Prompt | Set down, exactly and with no pictures, the line that contains "Органза півонія, 4 см, пудровий" and all lines after it in the listing.

____________

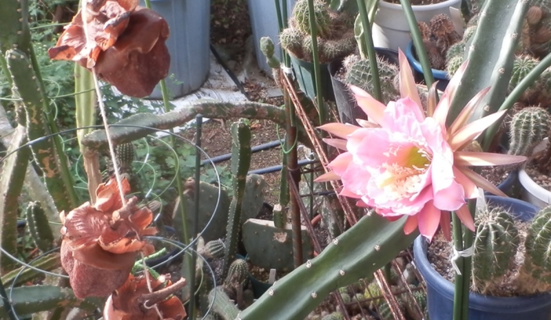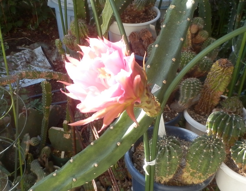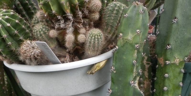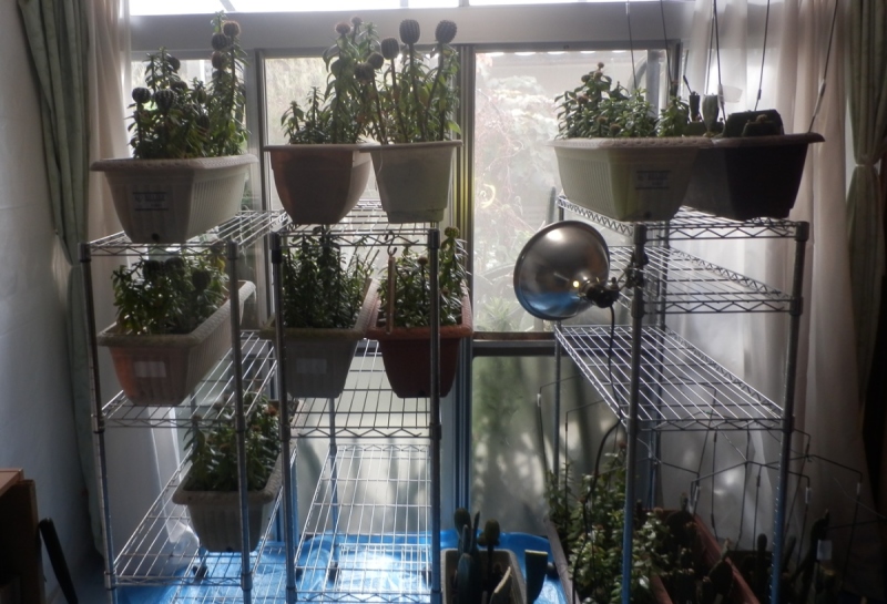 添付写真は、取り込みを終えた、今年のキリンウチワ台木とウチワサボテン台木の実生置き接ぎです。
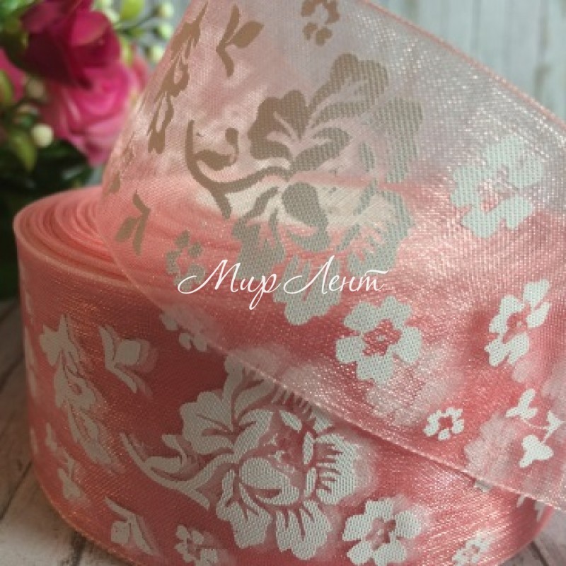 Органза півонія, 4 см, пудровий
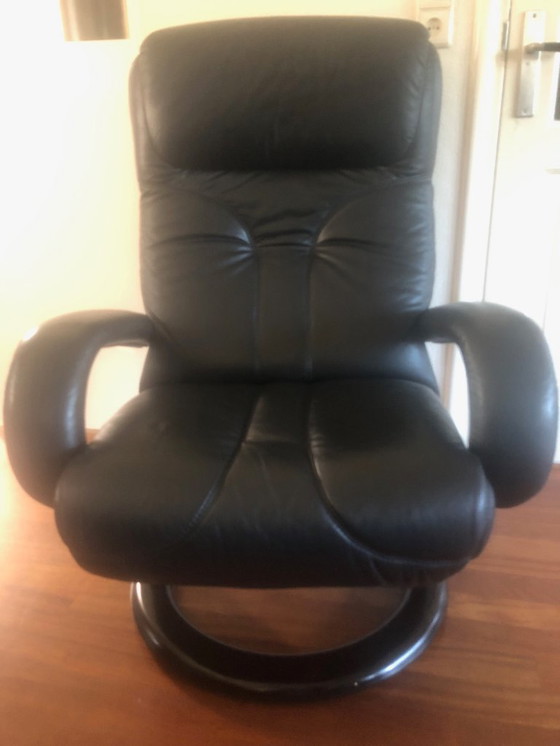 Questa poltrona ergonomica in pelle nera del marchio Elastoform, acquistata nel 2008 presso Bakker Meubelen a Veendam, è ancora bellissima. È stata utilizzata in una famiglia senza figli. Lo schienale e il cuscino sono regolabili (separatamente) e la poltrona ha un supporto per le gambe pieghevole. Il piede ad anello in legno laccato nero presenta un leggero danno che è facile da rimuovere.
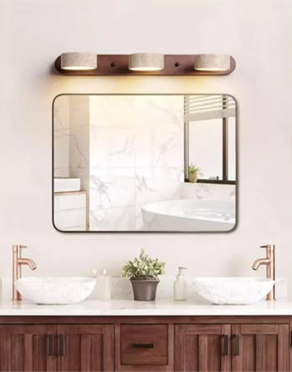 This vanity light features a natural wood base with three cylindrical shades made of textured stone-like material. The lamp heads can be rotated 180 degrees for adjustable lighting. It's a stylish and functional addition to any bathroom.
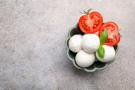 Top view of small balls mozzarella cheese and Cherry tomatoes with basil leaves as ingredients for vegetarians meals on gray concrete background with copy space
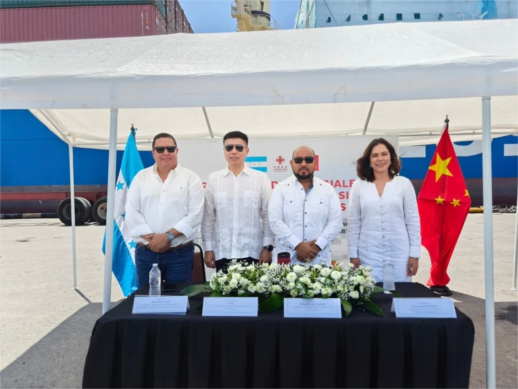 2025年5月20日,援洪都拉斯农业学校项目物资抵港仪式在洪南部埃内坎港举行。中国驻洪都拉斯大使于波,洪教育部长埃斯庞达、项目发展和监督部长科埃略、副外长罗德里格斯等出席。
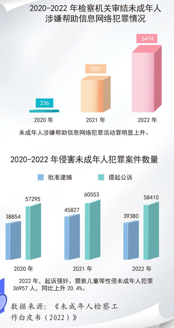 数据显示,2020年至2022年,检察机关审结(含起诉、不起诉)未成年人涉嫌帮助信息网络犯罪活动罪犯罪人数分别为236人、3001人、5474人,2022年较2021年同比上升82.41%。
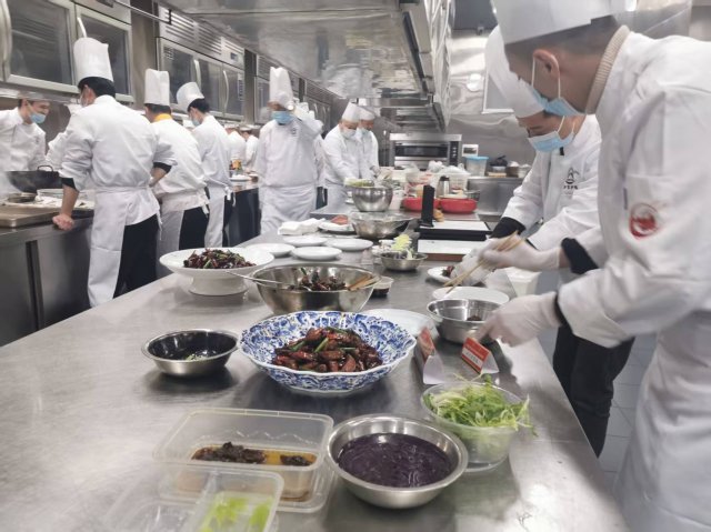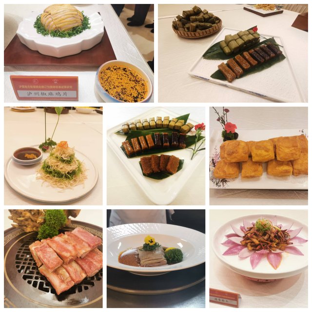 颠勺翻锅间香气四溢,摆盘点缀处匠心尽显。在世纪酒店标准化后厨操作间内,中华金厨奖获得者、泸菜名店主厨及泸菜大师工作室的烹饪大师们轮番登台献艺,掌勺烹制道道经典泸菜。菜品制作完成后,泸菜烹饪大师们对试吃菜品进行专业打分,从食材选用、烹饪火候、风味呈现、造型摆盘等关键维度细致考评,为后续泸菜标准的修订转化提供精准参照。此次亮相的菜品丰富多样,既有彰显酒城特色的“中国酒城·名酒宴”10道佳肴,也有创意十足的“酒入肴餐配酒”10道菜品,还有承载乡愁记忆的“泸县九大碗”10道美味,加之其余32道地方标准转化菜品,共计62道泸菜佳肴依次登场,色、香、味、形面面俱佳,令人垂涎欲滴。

____________

Task solution |
 Органза півонія, 4 см, пудровий
 Questa poltrona ergonomica in pelle nera del marchio Elastoform, acquistata nel 2008 presso Bakker Meubelen a Veendam, è ancora bellissima. È stata utilizzata in una famiglia senza figli. Lo schienale e il cuscino sono regolabili (separatamente) e la poltrona ha un supporto per le gambe pieghevole. Il piede ad anello in legno laccato nero presenta un leggero danno che è facile da rimuovere.
 This vanity light features a natural wood base with three cylindrical shades made of textured stone-like material. The lamp heads can be rotated 180 degrees for adjustable lighting. It's a stylish and functional addition to any bathroom.
 Top view of small balls mozzarella cheese and Cherry tomatoes with basil leaves as ingredients for vegetarians meals on gray concrete background with copy space
 2025年5月20日,援洪都拉斯农业学校项目物资抵港仪式在洪南部埃内坎港举行。中国驻洪都拉斯大使于波,洪教育部长埃斯庞达、项目发展和监督部长科埃略、副外长罗德里格斯等出席。
 数据显示,2020年至2022年,检察机关审结(含起诉、不起诉)未成年人涉嫌帮助信息网络犯罪活动罪犯罪人数分别为236人、3001人、5474人,2022年较2021年同比上升82.41%。
 颠勺翻锅间香气四溢,摆盘点缀处匠心尽显。在世纪酒店标准化后厨操作间内,中华金厨奖获得者、泸菜名店主厨及泸菜大师工作室的烹饪大师们轮番登台献艺,掌勺烹制道道经典泸菜。菜品制作完成后,泸菜烹饪大师们对试吃菜品进行专业打分,从食材选用、烹饪火候、风味呈现、造型摆盘等关键维度细致考评,为后续泸菜标准的修订转化提供精准参照。此次亮相的菜品丰富多样,既有彰显酒城特色的“中国酒城·名酒宴”10道佳肴,也有创意十足的“酒入肴餐配酒”10道菜品,还有承载乡愁记忆的“泸县九大碗”10道美味,加之其余32道地方标准转化菜品,共计62道泸菜佳肴依次登场,色、香、味、形面面俱佳,令人垂涎欲滴。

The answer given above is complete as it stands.